Shinji Iyama

Study of bone formation around dense hydroxyapatite implants using light microscopy, image processing and confocal laser scanning microscopy

The bone reaction to hydroxyapatite (HA) implants inserted transcortically and extending into the medullary canal of rat tibiae was quantitatively assessed using light microscopy, confocal laser scanning microscopy and an image processing system. Sixty-five male rats (6 weeks old) were divided into two groups, 60 for histological observation and image analysis and five for time-labelling. In the histological observation, control sections of 168 days showed a few bone trabeculae in the fatty bone marrow, and Ti implants had become gradually encapsulated with a thick bone tissue layer; however, HA implants became almost completely encapsulated with a thin bone tissue layer during the 168 day experimental period. Histometrical analysis of the percent bone contact revealed that Ti implants showed a continuous increasing curve, and HA implants showed rapid increase in the initial healing period up to 14 days, with 96% bone contact reaching a plateau at 84 days after operation. There was a significant difference in the percent of bone contact between Ti and HA implants throughout the experimental period. Confocal laser scanning microscopic observations revealed the presence of calcein at the 14th day and only slight alizarin colour layer in the bone tissue at the 28th day, both indicating bone formation. These findings suggest that the activity of bone formation was higher at the 14th day than at the 28th day. Also, the percentage of bone contact of HA is superior to titanium throughout the experimental period, and the ascending patterns of both implants are quite different to each other.

Long-term evaluation of bone-titanium interface in rat tibiae using light microscopy, transmission electron microscopy, and image processing

We conducted a 2-year histologic and histometric evaluation of the tibial bone-titanium (Ti) implant interface in male rats. Thirty male 6-week-old rats were used in this study. They were divided into two groups: 15 for day 28 and 15 for day 730. Microscopic observation at day 28 revealed that the newly formed bone around the implant almost surrounded the implant, but fibroblastlike cells were interposed in some histologic sections. At day 730, in contrast, such cells were rarely seen, and the bone around the implant presented a lamellar structure.

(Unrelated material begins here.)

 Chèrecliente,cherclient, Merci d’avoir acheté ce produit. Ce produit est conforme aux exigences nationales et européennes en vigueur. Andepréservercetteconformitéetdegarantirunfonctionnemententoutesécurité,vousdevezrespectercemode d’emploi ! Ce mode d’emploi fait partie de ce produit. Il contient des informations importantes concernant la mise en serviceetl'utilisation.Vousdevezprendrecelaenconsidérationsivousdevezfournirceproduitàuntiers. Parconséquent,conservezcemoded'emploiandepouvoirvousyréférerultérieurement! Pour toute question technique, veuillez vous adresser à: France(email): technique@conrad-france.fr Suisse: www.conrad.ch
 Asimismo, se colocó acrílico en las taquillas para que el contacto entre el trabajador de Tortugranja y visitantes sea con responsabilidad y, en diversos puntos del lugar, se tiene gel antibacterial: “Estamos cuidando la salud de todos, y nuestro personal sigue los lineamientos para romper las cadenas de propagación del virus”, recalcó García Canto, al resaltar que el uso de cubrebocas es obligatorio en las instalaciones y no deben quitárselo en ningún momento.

Transmission electron microscopic observation at day 28 disclosed mature or poorly mineralized bone near the implant; however, an electron-dense amorphous zone about 50 nm in thickness was interposed between the bone and Ti. In places slender cells were interposed between the bone and Ti. The amorphous zone was also observed at the cell-Ti interface. At day 730, a poorly mineralized layer remained in some areas between the mature bone and the titanium, and the interposed amorphous zone was still observed. Occasionally, a 200-nm-thick layer, thought to be cell remnant, was seen. As calculated in an image-processing, system analysis, the percent bone contact and the thickness and area of the surrounding bone for the Ti implant at day 28 were 43.6%, 30.4 microns, and 0.10 mm2, respectively, and those at day 730 were 89.9%, 53.5 microns, and 0.19 mm2, respectively. In summary, although the passage of time may affect bone maturity, interfacial cells remain at the bone-Ti interface as a uniform layer together with unmineralized bone.

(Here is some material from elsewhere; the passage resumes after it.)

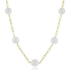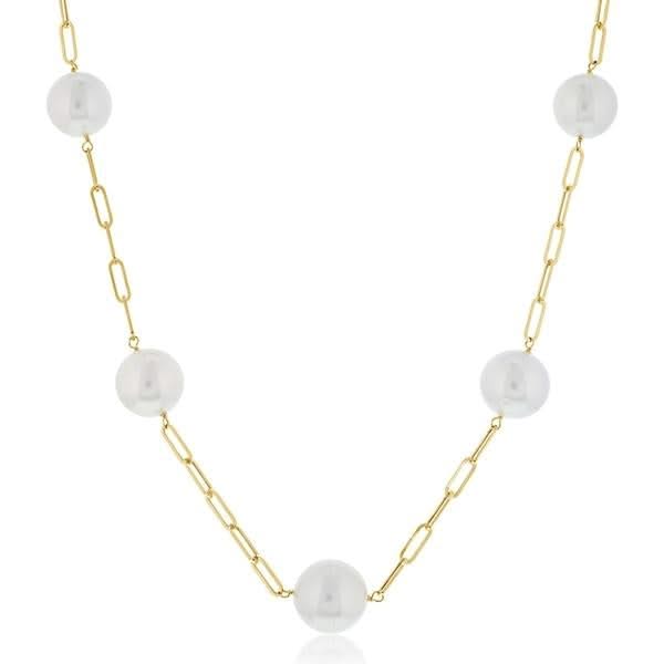 14K yellow gold 36" paperclip pearl necklace from the Reis-Nichols Collection. The necklace features seven white south sea pearls measuring 10.5-11.5mm.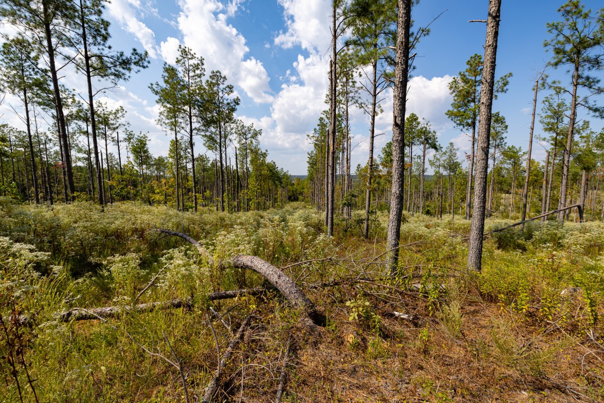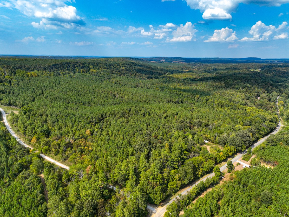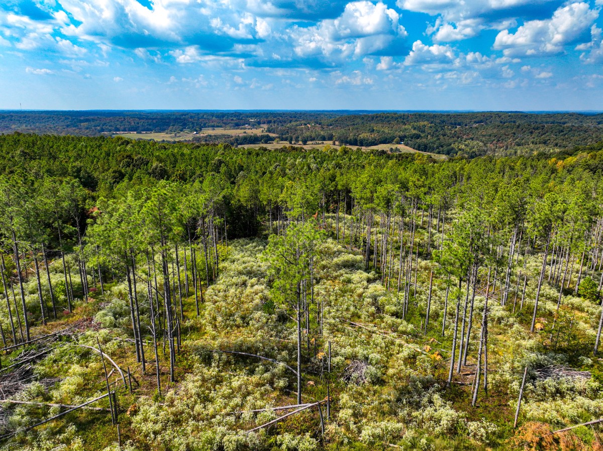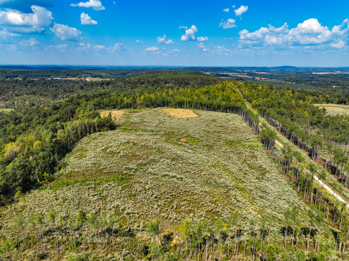 The rolling topography includes areas of steeper terrain and striking rock outcroppings, providing both scenic appeal and natural hunting diversity. Timbered ridges and draws combine with a mix of softwoods, mast-producing hardwoods, and planted pines, creating a rich mosaic of cover. Select cut and thinned areas have been managed to enhance bedding and security cover, helping hold deer and other wildlife throughout the property.

Histopathologic Observations of Tissue Reaction to Three Kinds of Membrane Placed on the Bone Defects around Implants.

The purpose of this study was to investigate the tissue reaction to three kinds of membranes, Gore-Tex Augmentation Material (GTAM), Vicryl, and Dura Mater, placed on bone defects around the titanium implants. Nine adult dogs weighing 15kg were used in this study. The dogs were sacrificed either 2, 4, or 12 weeks after placement. Vicryl was exposed 2 weeks after placement. Histologically, it was found that Vicryl was completely resorbed, Dura Mater was replaced with connective tissue at 12 weeks, and bone defects using GTAM and Dura Mater but not Vicryl were partially filled with newly-formed bone tissue. Active bone formation was observed in the space between membranes and pre-existing bone tissue.